Dana Farber Cancer Institute; Simmons College; Harvard Medical School; Harvard Vanguard Medical Associates, Boston, MA; and University of North Carolina, Chapel Hill, NC.

出版信息

J Oncol Pract. 2014 Sep;10(5):e293-8. doi: 10.1200/JOP.2013.001192. Epub 2014 Jun 24.

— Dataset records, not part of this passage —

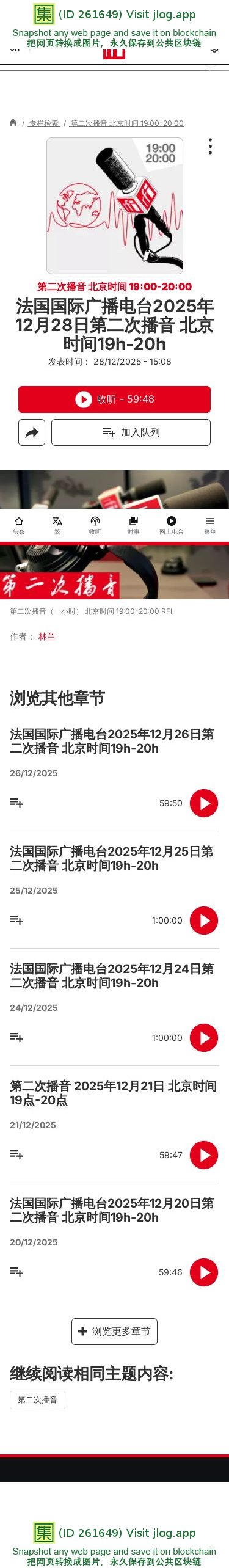 法国国际广播电台2025年12月28日第二次播音 北京时间19h-20h - 第二次播音 北京时间 19:00-20:00 - RFI - 法国国际广播电台
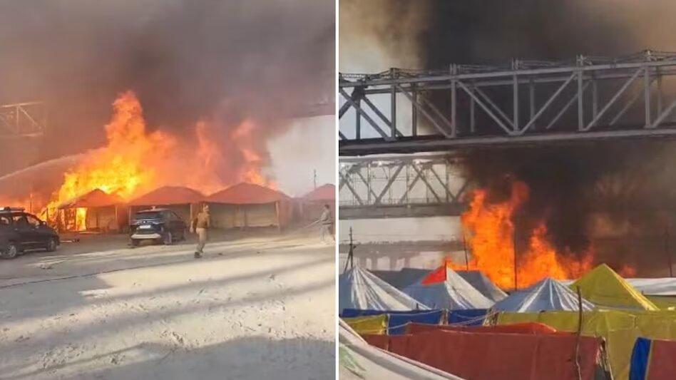 Information is coming out about a fire in Prayagraj Mahakumbh Mela area. It is being told that a massive fire broke out in Shastri Bridge Sector-19 Camp of Mahakumbh Mela area. After receiving information about the fire, many fire brigade vehicles have reached the spot. It is being told that there was a blast in the cylinder while cooking food, after which the fire spread to the entire surrounding area. However, this claim has not been officially confirmed yet.
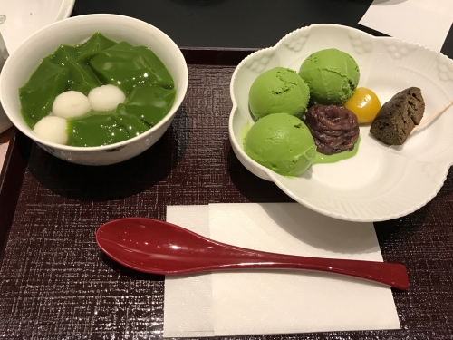 おすすめは、ぷるぷるの食感と濃厚な抹茶の味で人気の生茶ゼリィ。抹茶好きなら一度は食べたいスイーツです。まるで本物の抹茶を飲んでいるかのような、深い抹茶の味わいそのままで、小豆や白玉とも相性抜群!抹茶アイスも濃厚でおいしく、抹茶尽くしの大満足のスイーツです。

DOI:10.1200/JOP.2013.001192
PMID:24963136
原文链接:https://pmc.ncbi.nlm.nih.gov/articles/PMC7216209/
Abstract

INTRODUCTION

Although survivorship care recommendations exist, there is limited evidence about current practices and patient preferences.

METHODS

A cross-sectional survey was completed by survivors of lymphoma, head and neck, and gastrointestinal cancers at an academic cancer center. The survey was designed to capture patients' reports of receipt of survivorship care planning and their attitudes, preferences, and perceived needs regarding content and timing of cancer survivorship care information. Elements of survivorship care were based on the Institute of Medicine recommendations, literature review, and clinical experience.

RESULTS

Eighty-five survivors completed the survey (response rate, 81%). More than 75% reported receiving a follow-up plan or appointment schedule, a monitoring plan for scans and blood tests, information about short- and long-term adverse effects, and a detailed treatment summary. These elements were reported as desired by more than 90% of responders. Approximately 40% of these elements were only verbally provided. Although more than 70% described not receiving information about employment, smoking cessation, sexual health, genetic counseling, fertility, or financial resources, these elements were not reported as desired. However, "strategies to cope with the fear of recurrence" was most often omitted, yet desired by most respondents. Survivors' preferences regarding optimal timing for information varied depending on the element.

CONCLUSIONS

Our study suggests that cancer survivorship care planning is heterogeneous and may not need to be comprehensive, but rather tailored to individual survivors' needs. Providers must assess patient needs early and continue to revisit them during the cancer care continuum.

摘要

引言

尽管存在癌症生存护理建议,但关于当前实践和患者偏好的证据有限。

方法

在一家学术癌症中心,对淋巴瘤、头颈癌和胃肠道癌幸存者进行了一项横断面调查。该调查旨在获取患者关于接受癌症生存护理计划的报告,以及他们对癌症生存护理信息的内容和时机的态度、偏好和感知需求。生存护理的要素基于医学研究所的建议、文献综述和临床经验。

结果

85名幸存者完成了调查(回复率为81%)。超过75%的受访者报告收到了后续计划或预约时间表、扫描和血液检查的监测计划、关于短期和长期不良反应的信息以及详细的治疗总结。超过90%的受访者表示希望获得这些要素。这些要素中约40%只是口头提供的。尽管超过70%的受访者表示未收到关于就业、戒烟、性健康、遗传咨询、生育或财务资源的信息,但他们并未表示希望获得这些要素。然而,“应对复发恐惧的策略”最常被遗漏,但大多数受访者都希望获得。幸存者对信息最佳时机的偏好因要素而异。

结论

我们的研究表明,癌症生存护理计划是异质性的,可能无需全面,但应根据个体幸存者的需求进行调整。医疗服务提供者必须尽早评估患者需求,并在癌症护理连续过程中持续重新审视这些需求。